For once, Lilah had a feeling that being related to the famous pilot might not be a boon. Oh, well. At least he wouldn’t be asking her to talk Ridge into autographing his undergarments.
“She’s my cousin,” Ridge said, “but don’t let that fool you. She’s much smarter than I am.”
“That wouldn’t take much.”
“I expect you to treat her better than you treat me.”
“That wouldn’t take much,” Kaika said with a smirk.
“No kidding,” Ridge said.
Therrik’s nostrils flared.
“Since I know you sometimes have trouble honoring my orders,” Ridge said, eyeing Therrik’s torso long enough to make it clear he had noted the missing jacket, “I’ve brought handwritten orders from the king.”

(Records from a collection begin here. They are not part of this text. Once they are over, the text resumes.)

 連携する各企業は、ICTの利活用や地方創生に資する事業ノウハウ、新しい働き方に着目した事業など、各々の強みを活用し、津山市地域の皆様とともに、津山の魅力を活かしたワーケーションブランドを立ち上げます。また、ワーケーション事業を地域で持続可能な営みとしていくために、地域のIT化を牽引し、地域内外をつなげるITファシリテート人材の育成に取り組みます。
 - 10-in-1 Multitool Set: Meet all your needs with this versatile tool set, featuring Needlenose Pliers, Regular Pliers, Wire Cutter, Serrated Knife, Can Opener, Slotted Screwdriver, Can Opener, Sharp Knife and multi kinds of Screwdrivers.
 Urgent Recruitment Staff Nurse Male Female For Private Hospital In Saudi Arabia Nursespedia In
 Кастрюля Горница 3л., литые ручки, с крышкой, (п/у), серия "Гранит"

“Of course you have,” Therrik said.
Ridge handed him the paperwork. “Will you have any problems being hospitable to your guest?” he asked, his tone cooling a few degrees. He glared at Therrik, managing the challenging eye contact that Lilah had shied away from. Usually, she could face down anyone, but there was something about Therrik that made doing so seem more dangerous, as if violence simmered beneath the surface for him, waiting for an opportunity to boil over and destroy anything—or anyone—nearby. She was surprised Ridge didn’t back away from him, superior rank or not.

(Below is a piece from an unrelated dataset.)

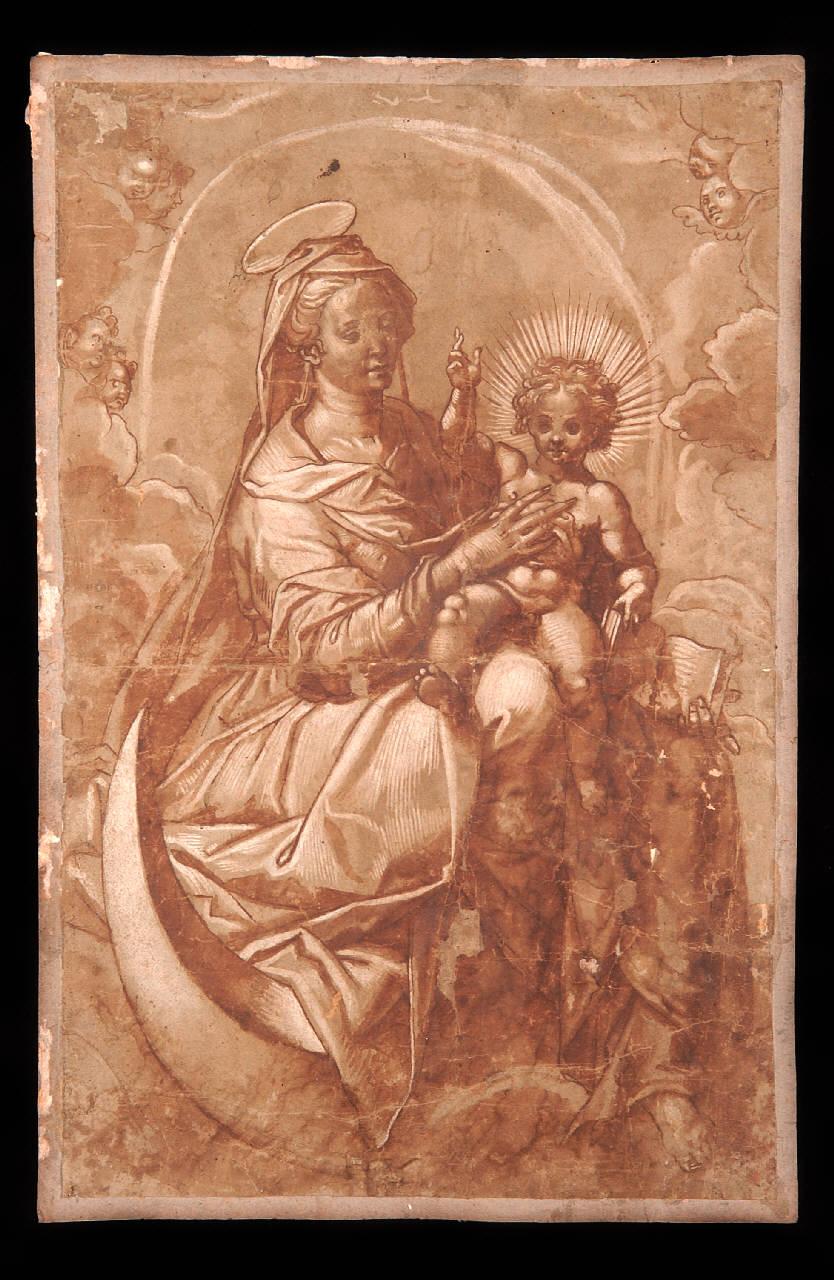 - NOTIZIE STORICO CRITICHE Il disegno è attribuito a Jacopo Ligozzi da C. L. Ragghianti (segnalazione in Corpus Graphicum 1970); il riferimento a Sabbatini si deve a comunicazionescritta di Stefano L'Occaso.\nConfronta L. Sabbatini, Madonna in gloria con San Pietro che consegna le chiavi a San Clemente e i santi Giacomo, Girolamo,Lorenzo e Stefano, 1569-1570 (v. D. Benati, in Pinacoteca di Brera. Scuola emiliana, Milano 1991, a cura di F. Zeri, Milano 1991, pp. 250-252 n. 129). \nIn relazione al dipinto va considerato un disegno della National Gallery of Canada a Ottawa (inv. 293) che presenta una Madonna con il Bambino sulle nubi in gloria d'angeli identica a questa, salvo che per la diversa inclinazione del capo e la presenza della falce di luna: due dettagli grazie al quale il soggetto diventa autonomo. \nCome tale è inciso da Agostino Carracci intorno al 1579, e poi ancora da un secondo autore (forse Domenico Tibaldi) nel 1575. Cfr. D. De Grazia, Le stampe dei Carracci con i disegni, le incisioni, le copie e i dipinti connessi, Bologna 1984, p. 80, n, 15 e figg. 15, 15a,316, dove si segnala un'altra versione del disegno, non autografo, che probabilmente coincide con l'esemplare in esame (B 67). \nM. Albertario
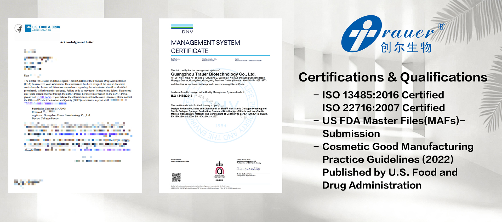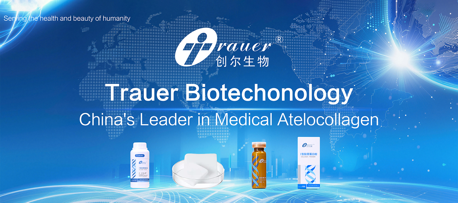 Established in August 2002, Guangzhou Trauer Biotechnology Co., Ltd. is a high-tech enterprise, which masters the key technologies of medical atelocollagen preparation, specializing in the research, development, production and sales bioactive collagen materials, medical devices and bio-skincare products. As the pioneer of collagen dressing in China, Trauer has the first sterile Class Ⅲ collagen dressing in China. With 23 years of development, Trauer has become the leader in the field of bioactive collagen biomedical material in China, and is committed to becoming the leading enterprise of medical collagen across the globe.

“Is she a witch or dragon in disguise?” Therrik asked.
“Nope.”
“Then I won’t have a problem.” Therrik accepted the envelope with his orders without further comment.

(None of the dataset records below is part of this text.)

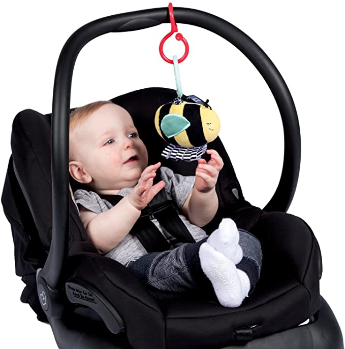 Jet, the bee themed travel toy features a crinkle paper wing, knotted string antennae and soft ribbon loop legs.
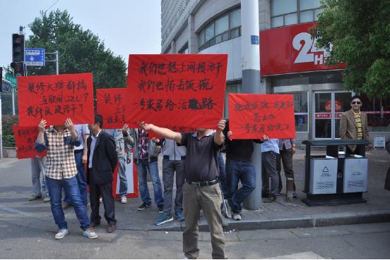 5月7日,“2015中国互联网+家居战略峰会“当日,南京市装修队工人相约集体街头,在中央新模范马口、玄武门和玄武饭店附近举牌,通过这样的方式表示对家装行业互联网转型的不满,认为“家居搞互联网,就是抢传统装修队的饭碗!“。举牌的装修队工人最后进入到玄武饭店峰会现场主办方,表达对互联网冲击下,传统家装工人空间遭到挤压的“不满”,并向参会的互联网家装大佬与专家求助转型之道。
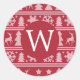 Cosy Knit Red Sweater Pattern Monogram Christmas Classic Round Sticker
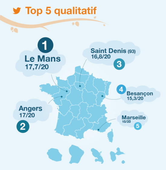 Si le classement quantitatif est un paramètre important, Adverbia s’est attelé à créer une grille d’analyse plus complexe afin d’obtenir un classement qualitatif. Les métriques appliquées sont beaucoup plus poussées : automatisation ou non du flux, qualité des échanges avec les followers, ratio following / followers, fréquence des tweets, nombre de RT… Bref, une analyse très fine de la qualité du compte et de ses tweets. Et dans ce classement qualitatif, ce sont les « petites » villes qui font bonne figure : Le Mans arrive en tête, suivi d’Angers, Saint-Denis, Besançon et Marseille.
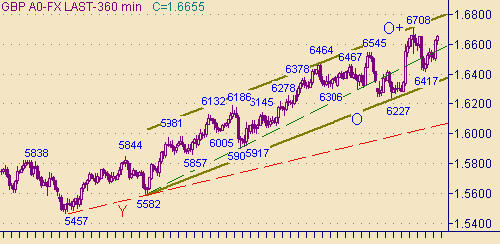 L-L+ на "импульсность".Торговые тактики. Позиции на покупку более симпатичные. Покупки открывать при выходе цены выше 1.6710 или в случае тестирования уровня 1.6550. При открытии позиции от 1.6550 стоп-лосс ставить ниже 1.6500, цель − 1.6700.

“Where shall we put our stuff, sir?” Kaika asked. “Same quarters as last time?”
“You’re staying?” Therrik raised his eyebrows.
“To make sure none of your grubby miners or soldiers manhandle the professor, yes, sir. I believe the king mentions me in the orders he wrote up.”
Therrik grunted. Or maybe it was a grumble. He waved his hand. “Take whatever you can find open. Some of the bones are in the artifact room. Lots more still stuck in the rocks. Bosmont can show you whenever you’re ready.”
“Some have been removed already?” Lilah grimaced, imagining the damage that a bunch of unschooled soldiers might have done to ancient fossils. “I would have preferred to have looked at them in place.”
“Be happy you can look at them at all. Some grimy thieves tried to filch them right out of the mountain.”
Ridge frowned. “How did grimy thieves know they were in the mountain?”
“Your father isn’t around, is he?” Lilah asked.
Ridge gave her a flat look. “As far as I know, he’s only interested in lost treasures, not lost dragon bones.”
“Do what you want,” Therrik said and walked away. “I have work to do.”
“And the rest of your uniform to find,” Ridge called after him.
Therrik trotted down the stairs without acknowledging him.
“Are you sure you outrank him?” Lilah asked.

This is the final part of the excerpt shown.